Tidak sulit untuk melihat bahwa Li Xiaofan sudah berlari dengan kecepatan penuh. Luo Fang mengumpat, “Sial, anak ini ingin melarikan diri. Tangkap dia untukku!”

“Apa yang kau lakukan di sana? Pergi… ow…” Bi Hao melihat dengan cemas, menendang seorang pelayan yang ada di dekatnya, tetapi tanpa sengaja memperburuk cederanya, meringis kesakitan.

Beberapa pemimpin regu pelayan segera mengejar. Li Xiaofan kecil dengan kaki pendek, menyeret pakaian dewasa. Bagaimana mungkin ia bisa melarikan diri dari mereka?

Ia dengan cepat tertangkap dan dibawa kembali.
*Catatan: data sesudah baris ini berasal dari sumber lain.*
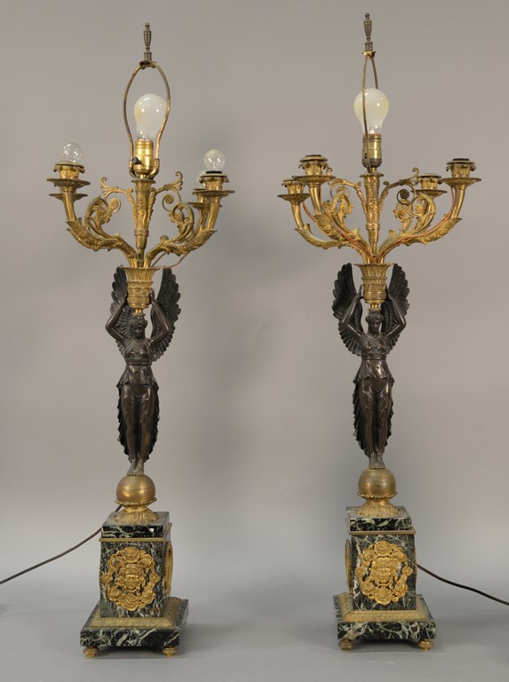 Pair of French ormolu bronze and rouge marble six light candelabras, each with classically draped winged figure of Victory standing on a sphere holding a vase with central torch flanked by scrolling branched candleholders, originally from Samuel Marti three piece clock set made into table lamp. lamp ht. 31 3/4in. total ht. 42 1/4in.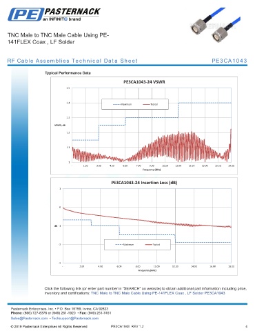 RF Cable Assemblies Technical Data Sheet PE3CA1043

“Tekan cap tangannya untukku,” kata Luo Fang dengan dingin.

“Tidak akan!” Li Xiaofan berjuang dengan panik seperti binatang liar terpojok, tetapi pihak lain memiliki banyak orang yang dengan tegas menahan anggota tubuhnya.

“Ah!”

Ia tiba-tiba melihat kesempatan dan menggigit dengan keras. Salah satu pelayan berteriak kesakitan dan mengendurkan cengkeramannya. Ia segera merangkak untuk pergi.

“Kau anak kecil! Jika aku tidak bisa menangani yang besar, apakah aku tidak bisa menangani kau?”

Luo Fang kini juga marah. Kedua saudara ini benar-benar menyusahkan.

Ia melompat maju dan menangkap Li Xiaofan di belakang leher. Mengalirkan qi internal, tidak peduli seberapa Li Xiaofan berjuang, semua itu sia-sia.

Ia menggenggam telapak tangan Li Xiaofan dan mengalirkan kekuatan internal. Ujung jari telunjuknya dipaksa berdarah, hampir menekan kontrak kertas itu.

“Ha ha ha.”

Li Xiaofan tiba-tiba tertawa keras, menatap dingin pada Luo Fang. “Kau ingin menggunakan aku melawan kakakku? Bermimpi saja! Jika kau menekannya, aku akan segera mengakhiri hidupku sendiri!”

Ia sepenuhnya berhenti melawan.

Mendengar kata-kata ini, Luo Fang merasakan dingin yang tak terduga.

Ia tidak menyangka bahwa kedua saudara ini memiliki ketahanan yang begitu kuat. Jika ini benar-benar terjadi, bukankah rencananya akan berbalik menimpa dirinya?

“Heh heh, kau anak kecil, masih berani berbicara keras.” Luo Fang hendak benar-benar menekan kontrak kertas itu.

Justru pada saat itu, ia tiba-tiba merasakan sebuah tangan bertumpu di bahunya. Lima jari itu memberikan tekanan, seolah mencengkeram daging dan darah.